Does multithreading require a new process?

I’m looking at the new multithreading features (vs. multiprocess). Based on the documentation, it looks like currently you cannot generate new threads in a running Julia process? That is, they need to be specified as a startup argument or environment variable?

https://docs.julialang.org/en/v1/manual/multi-threading/

If some functions allow you to create a thread and then destroy it on completion, that isn’t clear from the documentation.

If it requires a new process, is there a plan to allow creation and destruction of threads within a process?

In Julia I don’t believe there is ever a reason for more threads than CPU cores. This is because Julia basically uses cooperative multitasking, which means that if a Task doesn’t need to use the CPU it lets another Task use it.

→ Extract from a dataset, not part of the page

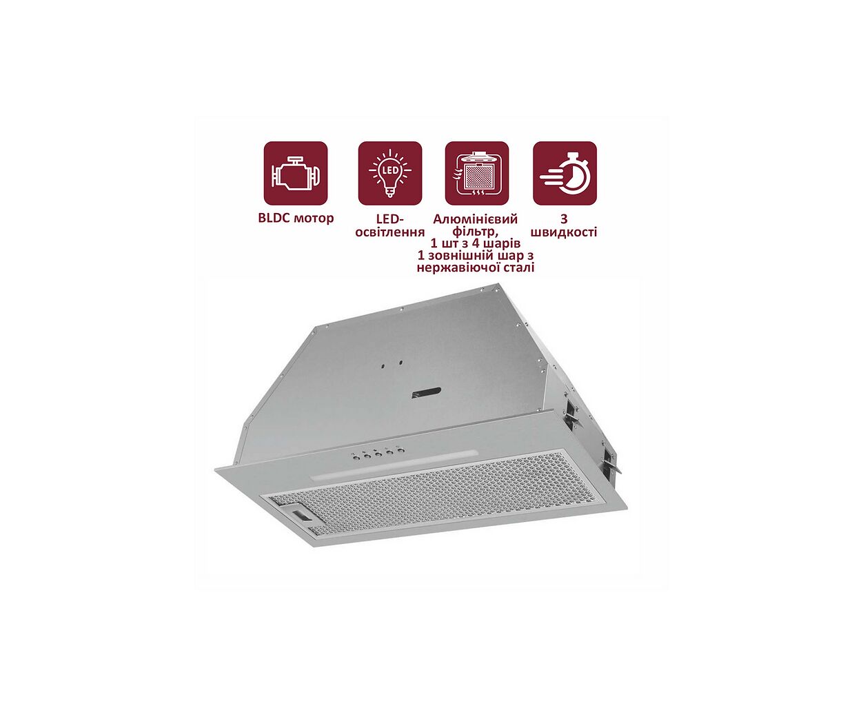 Тип - встраиваемая, в шкаф, 1000 м3/час, 75 Вт, 1, отвод воздуха и рециркуляция, ширина корпуса - 60 см, Диаметр вентиляционной трубы - 150 мм, Фильтры - алюминиевый, Тип управления - кнопочное, Материал корпуса - нержавеющая сталь, Лампы - 1 х 3.5 Вт, 46 - 57 дБ, 277 х 600 х 290 мм, 7 кг, нержавеющая сталь

If you have 4 CPU cores with 4 threads and 4 Tasks using 100% of the CPU you are doing calculations as fast as you can. If you bump that up to 8 threads and 8 Tasks using 100% you will actually do calculations slower. This is because the OS will swap the threads onto the CPU to ensure that all threads get equal time on the CPU (50% of the CPU). This swap is not free, thread state has to be saved and restored, and the CPU cache will be flushed since the new thread will probably not be accessing the same memory that the old thread was.

The down side to this is when creating a “desktop app” you can’t have a “UI thread” that just handles responses to user actions.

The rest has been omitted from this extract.